When the Liberal public relations rhetoric is set aside, the true nature of the bill is simply the replacement by the government of its addiction to large business and union donations with an addiction to taxpayer funding.
Ultimately, like so much Liberal political reform legislation, it really is about stopping participation. The bill is really about simply who cannot do what, when they cannot do it, and why they should not be able to do it. It is not in any way, shape or form about encouraging or replacing participation in the political process.
The bill as a consequence will simply require hardworking Canadians to pay for political parties they do not necessarily support.
Fundamentally, it is not democratic for a supporter of the NDP to be forced to back the Canadian Alliance or for a supporter of the Alliance to be forced to back the Liberals. Quite frankly the bill is simply an autocratic solution to a democratic problem.
First, the bill represents a further progression of the public subsidization of political parties. The Prime Minister praises that as a good thing in and of itself, and that is the problem with the Liberal Party. It is a problem of the Liberal Party not just in this, it is the problem of the Liberal Party when it comes to running the economy.
Political parties, like markets, should be responsible to the people who need them and want them, not operate on subsidies from people who do not.
Currently, the public may or may not be aware, that political parties are already very heavily subsidized by taxpayers. In the first place donations to political parties are subsidized, first, by a tax credit system that credits up to 75% of the donation. Then, when candidates and political parties actually spend the money, they are reimbursed for that electoral spending by taxpayers based on minimal electoral performance; for candidates up to 50% of eligible expenditures and for parties, 22.5% of eligible expenditures.

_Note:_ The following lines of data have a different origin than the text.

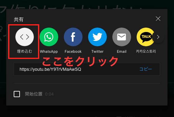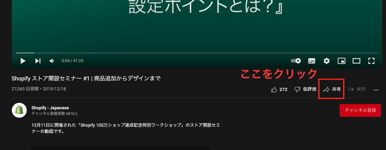 動画の右下に「共有」と書かれたブロックがあるので、これをクリックします。
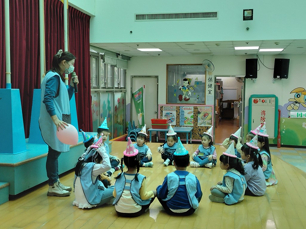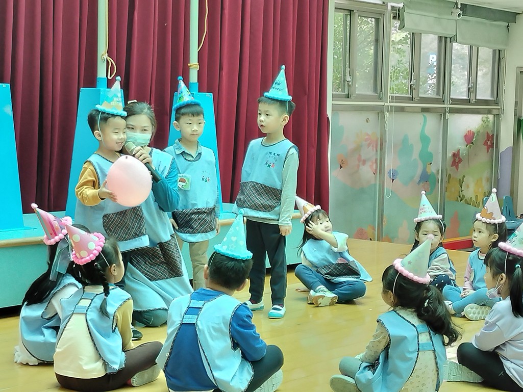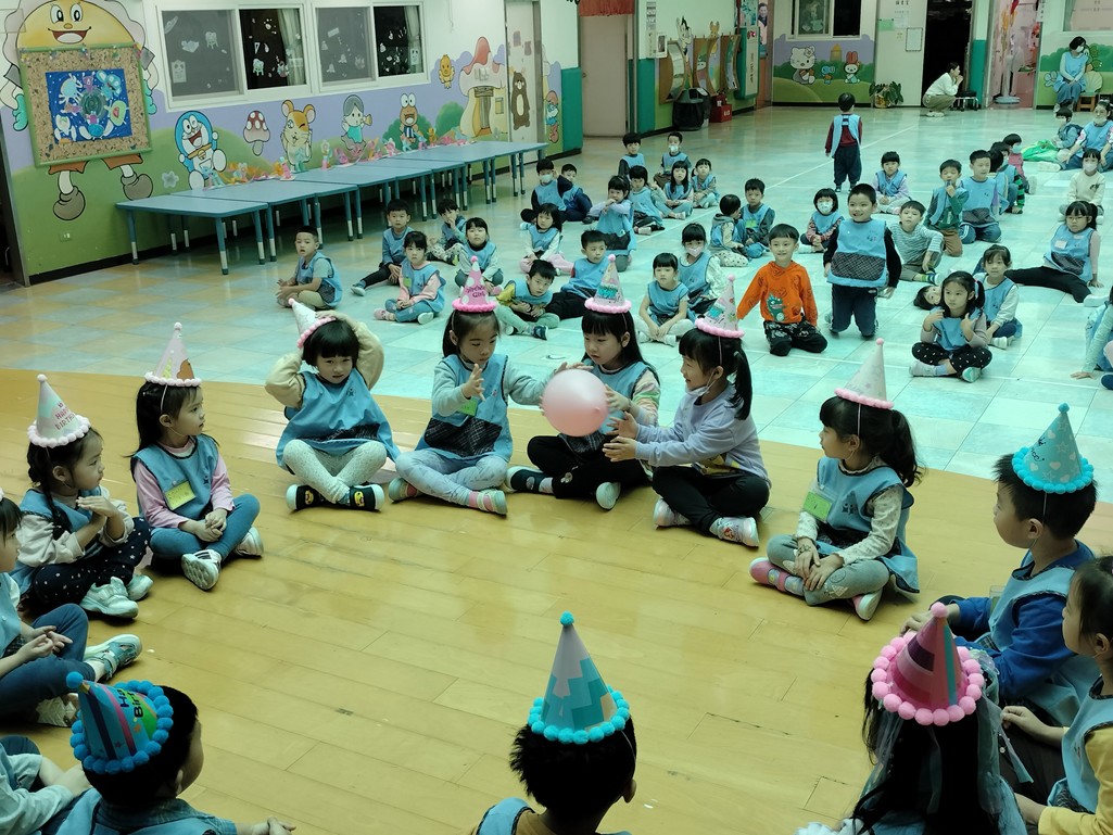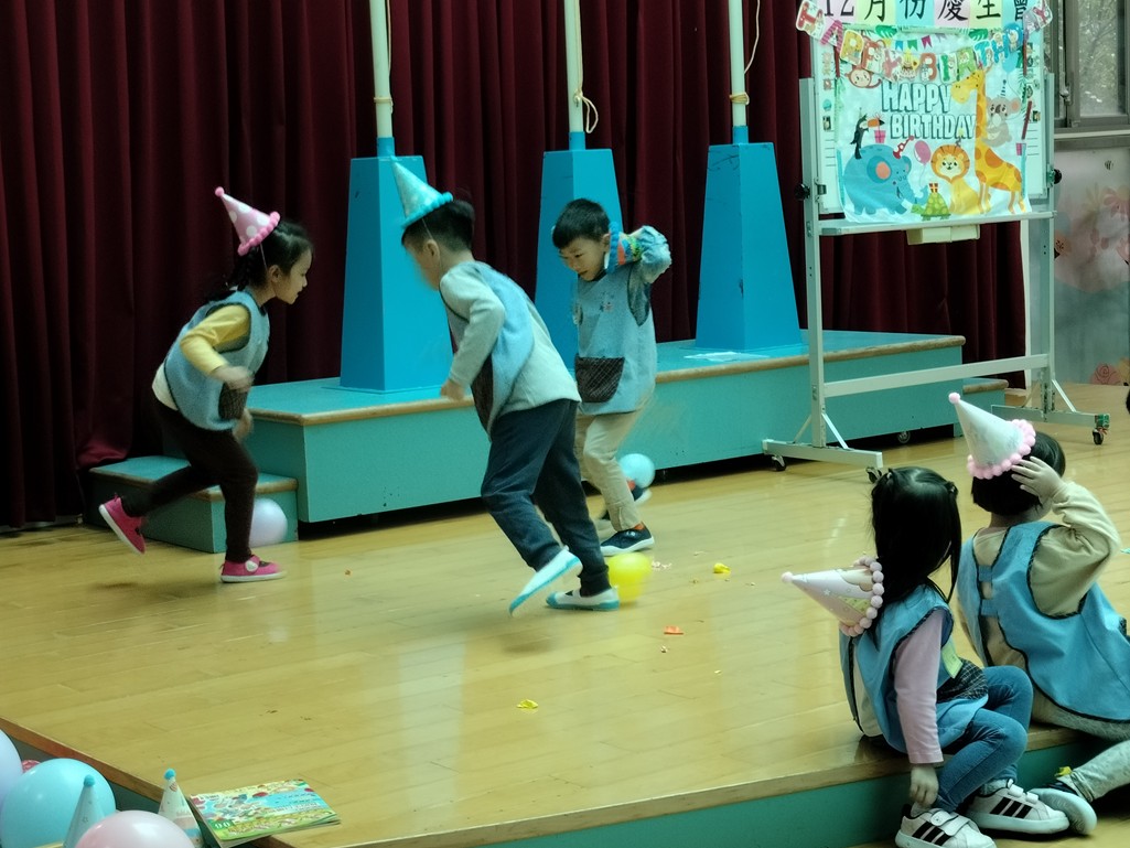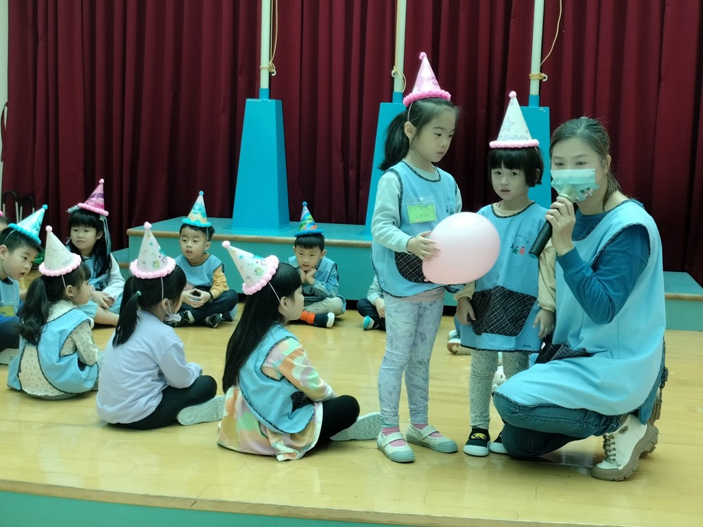 聽到音樂停拿著氣球的小朋友來分享生日願望
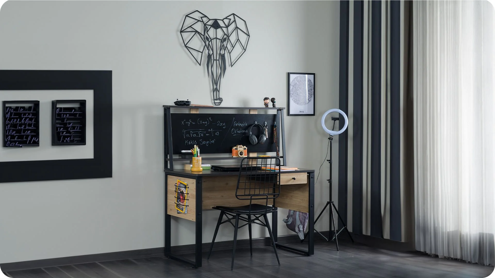 * Tableau suspendu et craie liquide posés sur l’appareil.

To give some idea of the scale of this, for the 2000 election these so-called rebates cost Canadian taxpayers just over $31 million to refund candidates and $7.5 million to refund political parties for their eligible election expenses. Currently, by this one element alone, taxpayers already subsidize slightly less than 40% of the funding of parties in Canada.
Proposals in the legislation would push that direct subsidization, leaving aside tax credits, to beyond 70%. The legislation would increase taxpayer reimbursement to political parties. The tax credit program is enhanced but more disturbing, so are expense rebates. The percentage of eligible expenditures that is to be refundable to parties has been more than doubled to 50%. The authorized limit of such expenditures has been raised to 70¢ of each registered voter from 62¢. As well, the threshold for receiving the rebates has been lowered for candidates.
Finally, the cost of polling, which is a significant cost, will now count as an eligible expense. Far worse, because that is only the beginning, on top of this enrichment of the current reimbursements for parties, there is now to be a yearly allowance paid to each party which obtains minimal shares of the popular vote. Starting in 2004, each party will be allotted a share of $1.50 times the total number of ballots cast in the last election based on the percentage of the votes they received in the last election.
Obviously, the biggest beneficiary is the Liberals and they will benefit regardless of how people's views of them may change in their performance as a governing party. Admittedly, the Canadian Alliance stands to benefit financially from the allowance. We will benefit especially because this party does not rely heavily on donations from corporations, unions and other large donors. However the principal beneficiary will be the Liberal Party of Canada.
The Liberals could not exist without an alternative source of funding, guaranteed taxpayer funding, if corporate donations were severally limited. Whereas the Canadian Alliance has shown it can and would continue to survive.
For instance, in 2001, the Liberals received donations from fewer than 5,000 individuals which comprised only 19% of their total fundraising. That same year nearly 50,000 individuals contributed to the Canadian Alliance and that made up over 61% of our funding.
It is obvious that the bill serves simply for the Liberals to replace their heavy reliance on corporate donations in particular and union donations, not with donations from the CEOs and union bosses who made those contributions, with subsidies from taxpayers. In fact, the Liberals have structured the bill so that they will actually receive a net benefit from the new rules.
In 2004 the Liberals stand to receive almost $8 million worth of taxpayer money which will replace about $6.5 million they received from corporations, unions and associations, not all of which I should add, will be lost.
In a democracy it is simply wrong to force hard-working Canadians to support political parties. It should be the voters right to choose which parties they support in any given year.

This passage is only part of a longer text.